Write out exactly the lines below that run from the one containing "Madewell Women’s Courtyard" through the one containing "Heute Nachmittag habe", both included, with no other lines.

=== DATA TO PROCESS ===

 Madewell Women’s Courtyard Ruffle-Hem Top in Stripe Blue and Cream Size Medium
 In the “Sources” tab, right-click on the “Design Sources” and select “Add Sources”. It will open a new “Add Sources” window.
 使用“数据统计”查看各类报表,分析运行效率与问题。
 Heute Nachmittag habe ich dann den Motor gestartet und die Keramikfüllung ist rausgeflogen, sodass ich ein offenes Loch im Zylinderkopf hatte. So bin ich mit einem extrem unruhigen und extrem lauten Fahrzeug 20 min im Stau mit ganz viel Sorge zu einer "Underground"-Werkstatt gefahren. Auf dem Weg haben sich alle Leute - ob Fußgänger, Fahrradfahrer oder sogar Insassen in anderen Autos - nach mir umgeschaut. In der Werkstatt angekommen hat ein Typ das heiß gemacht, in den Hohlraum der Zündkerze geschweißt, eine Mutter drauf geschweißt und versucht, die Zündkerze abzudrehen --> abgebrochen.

===
=== DATA TO PROCESS ===

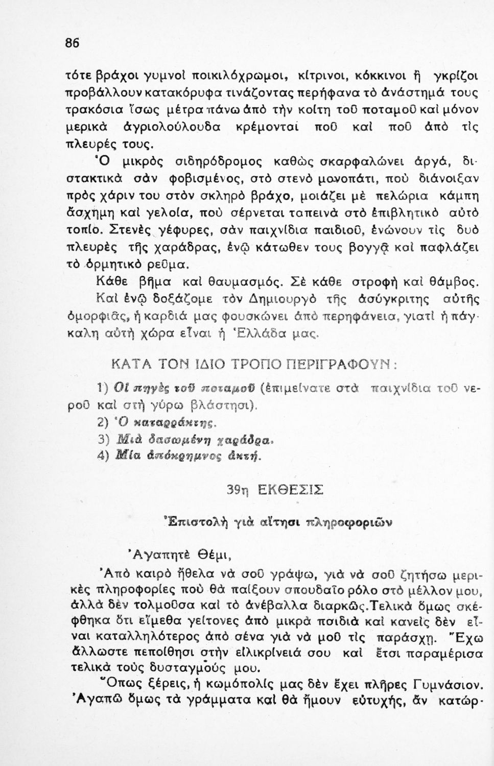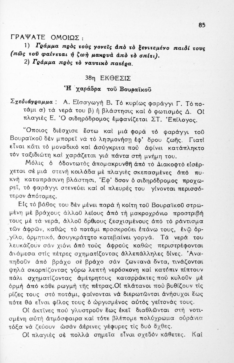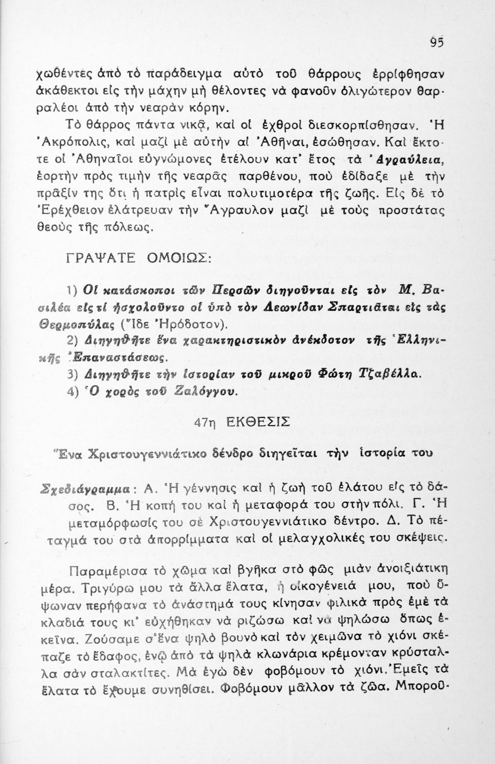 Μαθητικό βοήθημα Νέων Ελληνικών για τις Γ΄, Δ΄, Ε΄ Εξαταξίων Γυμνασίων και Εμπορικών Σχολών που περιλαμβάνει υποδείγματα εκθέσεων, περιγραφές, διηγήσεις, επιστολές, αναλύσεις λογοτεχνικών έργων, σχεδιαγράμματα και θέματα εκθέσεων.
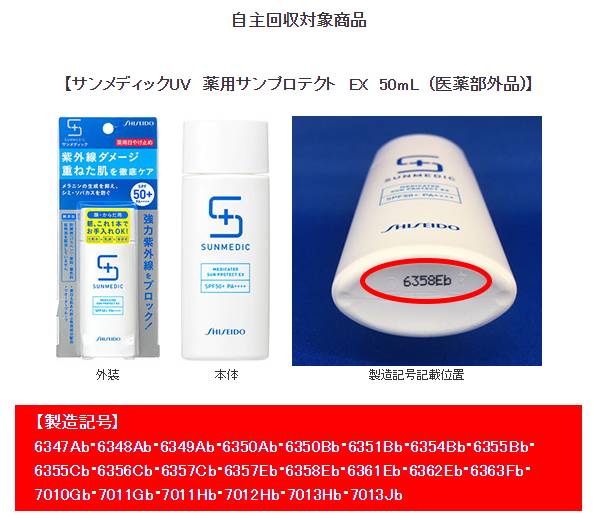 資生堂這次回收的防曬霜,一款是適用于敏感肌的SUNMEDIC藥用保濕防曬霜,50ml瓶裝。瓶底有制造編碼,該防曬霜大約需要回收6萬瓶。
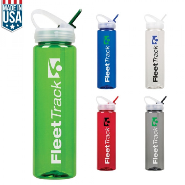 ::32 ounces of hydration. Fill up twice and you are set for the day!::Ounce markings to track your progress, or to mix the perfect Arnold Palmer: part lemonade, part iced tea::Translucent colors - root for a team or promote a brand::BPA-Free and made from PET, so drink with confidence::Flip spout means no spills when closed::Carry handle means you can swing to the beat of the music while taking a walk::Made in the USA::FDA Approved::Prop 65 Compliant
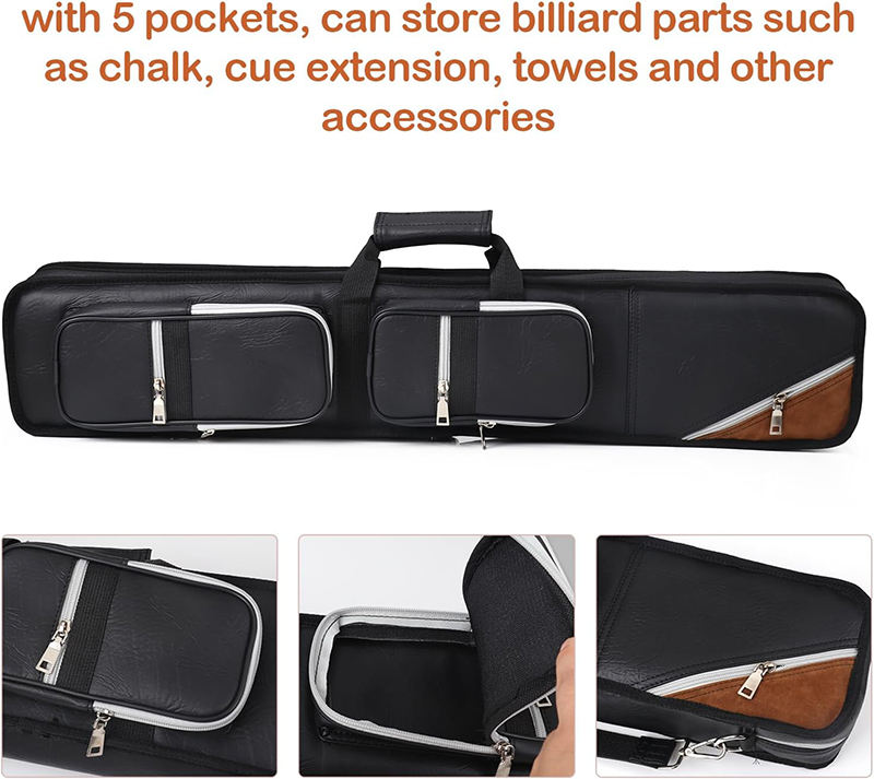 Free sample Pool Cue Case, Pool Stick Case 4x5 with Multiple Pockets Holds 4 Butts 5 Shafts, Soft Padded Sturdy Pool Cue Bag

===

YOUR RESPONSE:
 Madewell Women’s Courtyard Ruffle-Hem Top in Stripe Blue and Cream Size Medium
 In the “Sources” tab, right-click on the “Design Sources” and select “Add Sources”. It will open a new “Add Sources” window.
 使用“数据统计”查看各类报表,分析运行效率与问题。
 Heute Nachmittag habe ich dann den Motor gestartet und die Keramikfüllung ist rausgeflogen, sodass ich ein offenes Loch im Zylinderkopf hatte. So bin ich mit einem extrem unruhigen und extrem lauten Fahrzeug 20 min im Stau mit ganz viel Sorge zu einer "Underground"-Werkstatt gefahren. Auf dem Weg haben sich alle Leute - ob Fußgänger, Fahrradfahrer oder sogar Insassen in anderen Autos - nach mir umgeschaut. In der Werkstatt angekommen hat ein Typ das heiß gemacht, in den Hohlraum der Zündkerze geschweißt, eine Mutter drauf geschweißt und versucht, die Zündkerze abzudrehen --> abgebrochen.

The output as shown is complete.